In Guido’s most recent post in this miniseries on manual alphabet evolution in sign languages, he discussed the role of character mapping on networks in phylogenetic inference. He pointed out how we used this approach to infer evolutionary pathways of languages, and why this step in exploratory data analysis is important, given the complexity of the underlying signal in this data set.

In this new post, I take up the topic of hand-shape evolution in more detail, explaining some of the complexities involved in studying sign language evolution. I will specifically look at how we can identify both vertical and horizontal processes in the evolution of hand-shapes.

Introduction

We know very little about how signs and hand-shapes actually evolve. There have been a few studies — most of them from decades ago — comparing American Sign Language in videos and dictionaries from the early 20th century with then contemporary forms (Frishberg 1975; Battison et al. 1975). One study in particular argued that, as a sign language emerges in a community of signers, crystallizing into a stable linguistic system, the signs evolve in a quasi-teleological way from earlier, more gesture- or pantomime-like forms to more language-like forms, cutting similar evolutionary pathways leading to more constraints on articulation and to general systematization.

But what happens (in this story) once sign languages become linguistic systems? Do they continue evolving, as happens in spoken languages? If yes, how? Investigating these kinds of questions was one of my motivations for tracking down historical examples of manual alphabets for over a dozen sign languages. The pay-off (besides the thrill of the treasure hunt) is that, by tracing hand-shapes through historical examples and comparing them with contemporary sign languages, we can infer the vertical and horizontal evolutionary processes affecting sign languages and hand-shape forms.

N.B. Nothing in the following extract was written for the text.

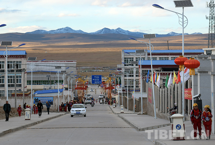 如今,登高遠望聶榮縣城,一棟棟高樓、一排排紅白相間的藏式新居和掛著紅色吉祥結及紅燈籠的太陽能路燈,與一條條新命名為查曲路、教育路、濱河路、盤羊路、扎布路、扎空路等街道,共同繪就了一幅美麗的城鎮新畫卷。

Vertical and horizontal aspects of hand-shape evolution

Consider part of the Neighbor-net from our paper (see Part 1) including the Austrian-origin and Russian groups in the figure below. Russian 1835 is the earliest manual alphabet in our sample published in Russia (St. Petersburg); and Danish 1808, in the Danish subgroup, was published in Copenhagen.


While the two manual alphabets are found in different neighborhoods in the graph, they share a number of hand-shapes, some of which were (and still are) shared widely throughout Europe, for reasons that we discuss in the main paper.

One such hand-shape represents the Latin / Cyrillic letter "A" in both Danish 1808 and Russian 1835, as illustrated in the timeline here.


Note the position of the thumbs at the bottom of the figure: in both early examples, the thumb is adjacent to the bent index finger. In an example from Danish SL in 1907 (and subsequently in 1926 and 1967), the position of the thumb has shifted across the index finger. For Russian SL, too, the position of the thumb in the contemporary hand-shape representing the Cyrillic letter A has crept across the index finger to the front of the fist (the hand-shape in the figure is my attempt to reproduce the source; see here for the real thing).

There are two points to note here in connection with evolutionary processes. First, these changes in thumb position appear to have a vertical aspect: as signers in a community used these hand-shapes and transmitted them to later generations, they also modified the forms in subtle ways, perhaps unconsciously in a process with analogies to sound change in spoken language.

Second, the changes also include a horizontal aspect: the forms evolved in similar ways, as the two signing communities converged on the same shape (apparently) independently, possibly due to similar articulatory or perceptual pressures. The horizontal aspect of this process contributes to signal incompatibility in the dataset underlying the network — the more convergence there is, then the less tree-like will be the Neighbor-net (in this case, the more spiderweb-like).

Convergence

In addition to the preceding example, a typical case of convergence can be seen in the independent creation of similar hand-shapes to represent the Greek and Cyrillic letter "Г".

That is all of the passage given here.